Grammy-Winning Hitmakers Share Music Business Secrets at CSULB
It’s not every day that Grammy-winning musicians visit CSULB, but that’s exactly what happened on November 16, when James Fauntleroy and Larrance Dopson arrived on campus to discuss their brand new Music and Industry Fundamentals program. Offered in partnership between CSULB and 1500 Sound Academy, the program was created by Fauntleroy and Dopson with years of expertise as behind-the-scenes hitmakers for the biggest names in music—from Rihanna and Justin Timberlake to Jay-Z and Kendrick Lamar.
About 30 curious students and faculty members showed up for an intimate Q&A session to learn more about the six-month program, while also getting a rare opportunity to pick the brains of the two music masterminds. Among the closely-listening attendees were CPIE Dean Jeet Joshee, College of the Arts Dean Dr. Robin Bargar, and 1500 Sound Academy entrepreneur/investor Twila True, the CEO of True Family Enterprises. The conversation ranged across a wide range of inside information that has helped Fauntlroy and Dopson stay in-demand in the industry, from constant changes in technology to the crucial element of human behavior.
“We make hits off of our emotions—what makes people move and why,” said Dopson, stressing the necessity of having soft skills in emotional intelligence along with hard skills in branding, marketing, and publishing.
Each month-long course within the new educational program covers a different skill set, including songwriting, engineering, production, and other essentials. Students can choose between two formats: online in a virtual classroom streamed in real-time; or in-person and on-campus at the 1500 Sound Academy Studio in Inglewood, CA.

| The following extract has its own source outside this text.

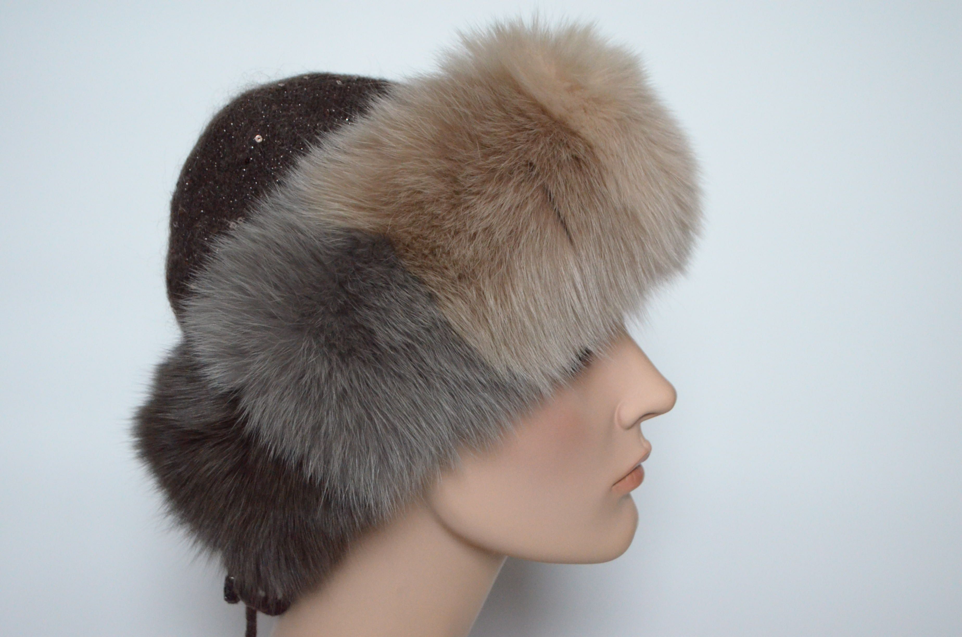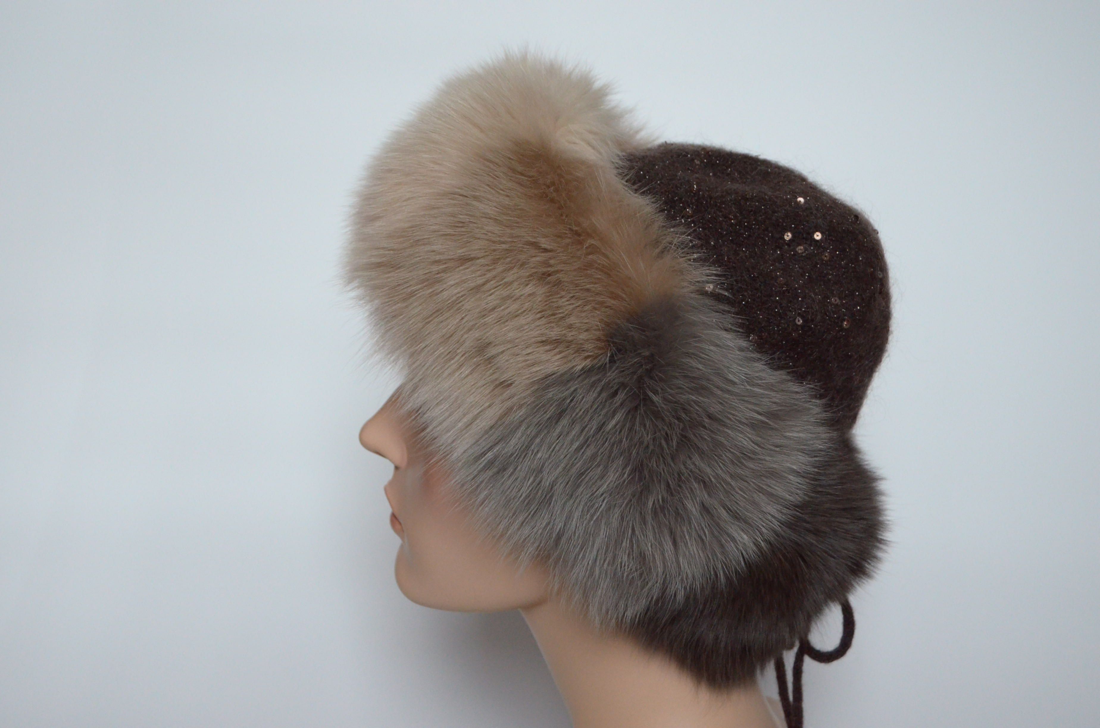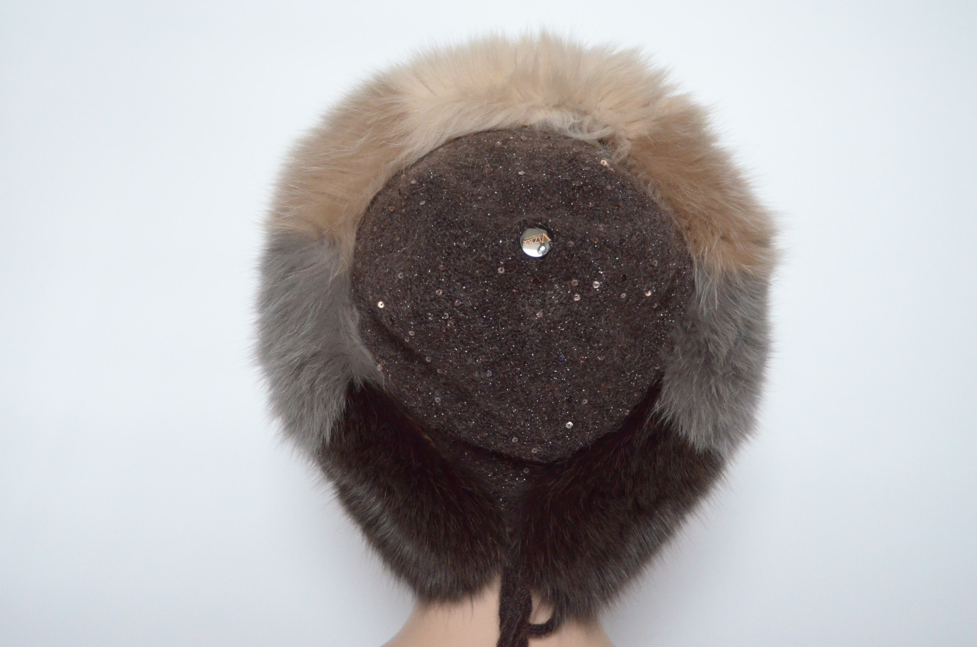 Женская вязаная коричневая шапка с пайетками и разноцветными вставками из меха песца Vizio Италия 6725 CCP купить в магазине дизайнерских головных уборов для женщин с доставкой по Москве и России

“A big part of the program, just like going to school here at CSULB, is you’re meeting other people with the same goal,” said Fauntleroy. “So that translates into studio sessions, jobs, and going on tours.”
“We’re there all the time,” added Dopson while describing the state-of-the-art academy studios, where students can access every kind of instrument as well as other tools for making music in every genre.
The audience was treated to a video showing construction that is already underway to further expand the 1500 studio facilities, which will provide even more opportunities to their growing network of students, artists, and educational partners. Recent visitors have included a who’s-who of music greats: Snoop Dogg, George Clinton, Timbaland, and the list goes on. Seeing such an impressive roll-call of collaborators, one attendee asked Dopson and Fauntleroy if they could break down their top three most important tips on how to be successful in the music industry.
“Number one: genuine confidence, because we see a lot of artificial confidence in the music business,” said Fauntleroy. “And the way you build genuine confidence is practice. Two: understanding the value of learning. People with longevity in the business, like Dr. Dre or Babyface, they never stop learning new things. Three: realizing that this is a service business. The further you go along that path, the further you’ll go in the business.”
“Being a people person,” echoed Dopson. “It’s a personality who you really want to work with. Being of service—that’s the secret, just helping people. Believe in yourself. I feel like our academy is the place where, if you’re crazy enough to believe in yourself, you can really make it; and we can give you those tools to get you there.”
These weren’t the only bits of wisdom dispensed by the two artist-educators, who also spoke about everything from maintaining mental health to the future of music.
“We’re selling an intangible product in an entertainment business which is famously bad as far as how they treat people,” explained Fauntleroy. “So therapy, research, philosophy—whatever you need to find your center is really important. Because when you get into something so competitive and predatory, you have to do everything within your power to stabilize your mental health and be comfortable so you can be creative; and all those things lead to money, which is the goal at the end of the day.”
“The distribution of music will change, the tools will change,” he continued, commenting on the rise of non-fungible tokens (NFTs) and other new advances in technology. “But the thing that’ll never change is how human beings respond to different frequencies. It’s important to learn that, and then just stay current.”